Among the main European pear cultivars that are presenting high production and quality with greater adaptation to the climatic conditions of the producing regions in the south of the country are Santa Maria and Rocha.

The Santa Maria and Rocha cultivars are increasingly widespread worldwide due to the attractive characteristics that make up their fruits, presenting excellent resistance to handling and transportation, in addition to not losing their quality when stored, with indications for cultivation mainly in the southern region of the country. The cultivation of European pear trees can become an alternative to diversify the production of temperate and subtropical fruit crops in the South region.

ROST ROOT FOR PEAR TREES

For good performance of pear cultivars, it is necessary to use rootstocks that contribute to efficient vegetative and productive growth. However, the lack of rootstocks suitable for the soil and climate conditions of the southern region of the country is among the biggest obstacles to the expansion of the crop.

In the country, the majority of orchards are formed by pear trees grafted onto quince trees (Cydonia Mill.), however, some European cultivars present incompatibility when grafted onto this species, making it necessary to deepen the understanding of new possible combinations between cultivars and rootstocks.

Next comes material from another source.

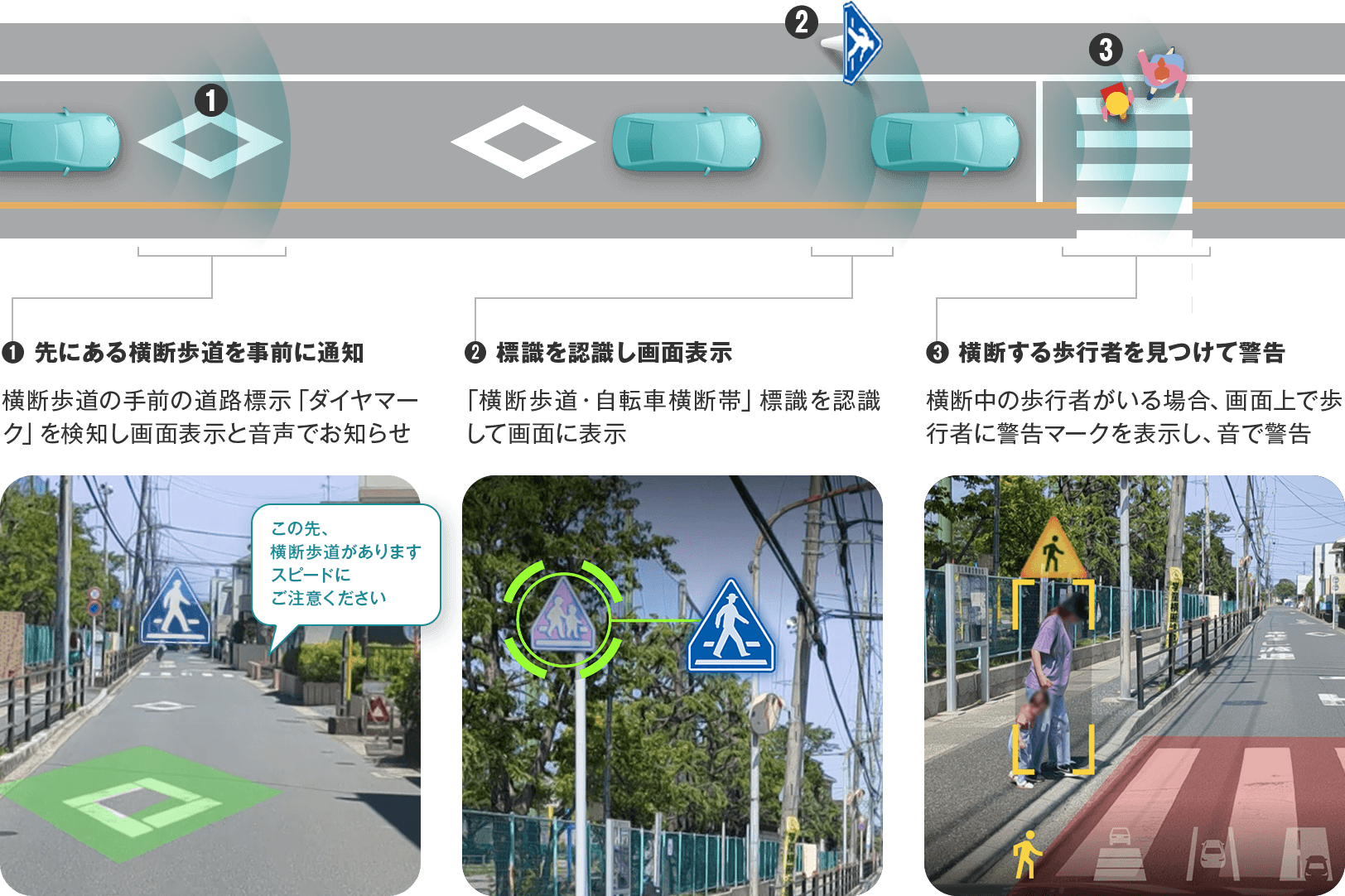 ドラレコアプリの「AiRCAM」、横断歩道や歩行者をAI検知、AR活用で注意を促す新機能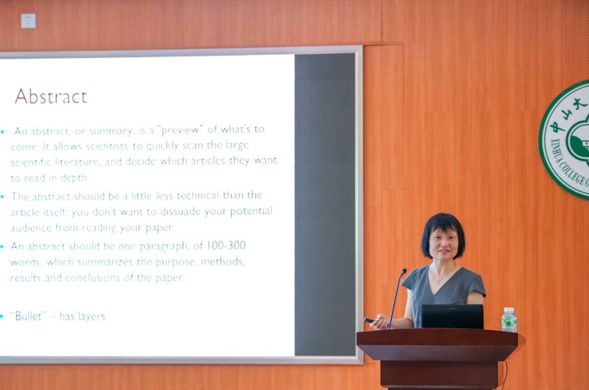 接着,由杨教授做主题为“Writing A Great Scientific Article”的学术讲座,重点讲解学术论文标准格式的主要组成部分,包括标题、摘要、正文、材料和方法、结果和讨论,以及每部分应着重突出的亮点及注意事项。杨教授指出,一篇学术论文必须要用词严谨,每部分内容都应该清晰明了、简明扼要。她还分享了自己在撰写学术论文,尤其是英文科研文章中所积累的词汇和模板,她表示,虽然是撰写科研论文,但也需要注重相似词汇的变换,不要整篇文章都使用单一词汇,她建议大家在日常学习中多阅读英文文献来丰富自己的词汇量,以形成专属于自己的论文模板。

Compatibility within and between species depends on the healing and regeneration of tissues at the union site. When incompatibility occurs, the formation and functionality of vascular bundles is impeded, affecting sap translocation and, consequently, the growth and development of the plant.

EDAPHOCLIMATIC CONDITIONS FOR CULTIVATION

The pear tree is a temperate climate crop. Due to this, it is recommended for regions with higher altitudes and which have homogeneous cold hours, with temperatures below or equal to 7,2ºC. These regions are more conducive to the development of the species, providing the hours of cold necessary to overcome dormancy. This period of dormancy comprises the necessary time for cold to accumulate so that the buds formed in autumn sprout properly in spring; Therefore, selecting the most suitable cultivar for each soil and climate condition is very important for the success of pear tree cultivation.

CULTIVATION LIMITATIONS

The choice of cultivar is a limiting factor for production, as the cold requirements of each cultivar and other aspects of management and marketing must be considered, which will depend on each production region.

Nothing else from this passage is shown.